_WORK TO COMPLETE_: Below are the records; give again exactly the line with "Hier finden Sie", the line with "Почувствуйте прекрасное сочетание", and each line that lies between them, and nothing besides.

_DATA IN THIS EXERCISE_:
------------------------------

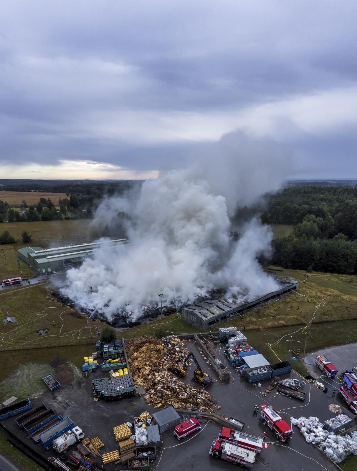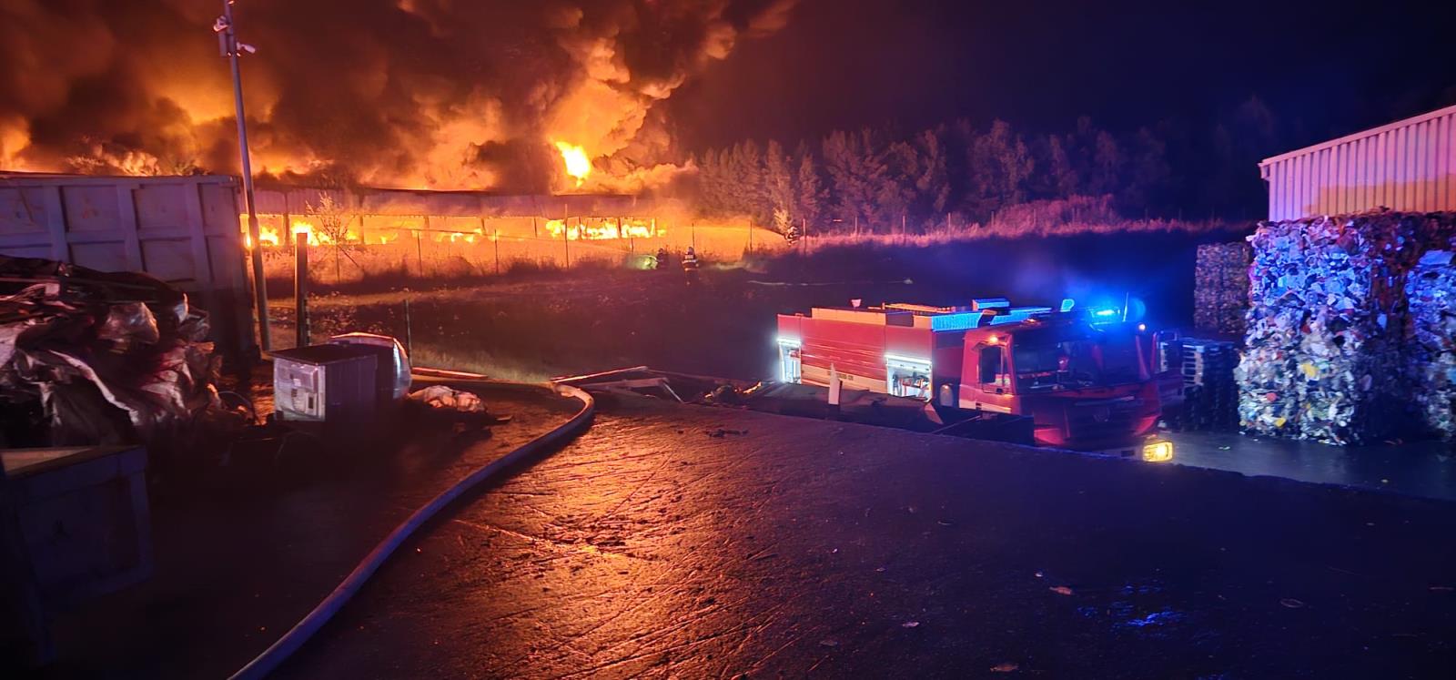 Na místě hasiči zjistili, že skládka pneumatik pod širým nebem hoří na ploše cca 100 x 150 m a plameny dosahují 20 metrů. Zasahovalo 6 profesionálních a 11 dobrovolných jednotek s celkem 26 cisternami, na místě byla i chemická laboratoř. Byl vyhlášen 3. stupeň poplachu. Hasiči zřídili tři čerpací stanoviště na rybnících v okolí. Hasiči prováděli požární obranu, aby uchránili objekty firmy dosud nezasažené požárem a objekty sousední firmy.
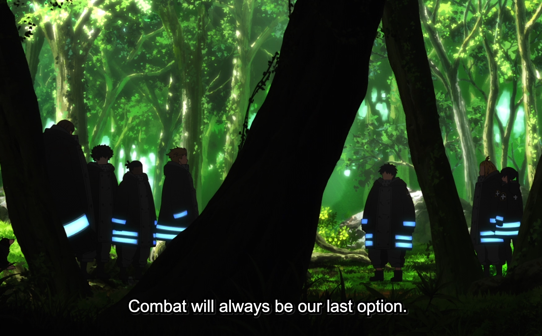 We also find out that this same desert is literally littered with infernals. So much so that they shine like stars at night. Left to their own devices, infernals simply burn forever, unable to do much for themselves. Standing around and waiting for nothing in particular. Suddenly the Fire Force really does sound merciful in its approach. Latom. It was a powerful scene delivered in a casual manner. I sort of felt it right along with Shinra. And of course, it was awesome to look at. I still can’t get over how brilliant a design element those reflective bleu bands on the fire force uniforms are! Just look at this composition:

------------------------------

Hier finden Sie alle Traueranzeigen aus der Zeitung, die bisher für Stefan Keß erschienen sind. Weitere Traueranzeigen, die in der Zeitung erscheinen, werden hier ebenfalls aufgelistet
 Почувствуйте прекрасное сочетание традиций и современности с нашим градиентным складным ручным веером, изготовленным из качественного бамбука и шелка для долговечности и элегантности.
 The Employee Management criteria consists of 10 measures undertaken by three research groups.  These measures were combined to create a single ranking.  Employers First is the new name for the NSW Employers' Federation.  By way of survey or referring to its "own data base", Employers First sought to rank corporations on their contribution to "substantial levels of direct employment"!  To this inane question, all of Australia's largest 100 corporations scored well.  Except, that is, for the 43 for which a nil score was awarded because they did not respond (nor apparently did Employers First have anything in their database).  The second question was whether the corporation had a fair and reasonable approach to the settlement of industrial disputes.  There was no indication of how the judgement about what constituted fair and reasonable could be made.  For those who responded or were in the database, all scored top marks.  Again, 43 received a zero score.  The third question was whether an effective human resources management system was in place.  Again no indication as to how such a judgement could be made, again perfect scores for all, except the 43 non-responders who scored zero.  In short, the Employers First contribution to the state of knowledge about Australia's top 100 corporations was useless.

------------------------------

_REPLY_:
Hier finden Sie alle Traueranzeigen aus der Zeitung, die bisher für Stefan Keß erschienen sind. Weitere Traueranzeigen, die in der Zeitung erscheinen, werden hier ebenfalls aufgelistet
 Почувствуйте прекрасное сочетание традиций и современности с нашим градиентным складным ручным веером, изготовленным из качественного бамбука и шелка для долговечности и элегантности.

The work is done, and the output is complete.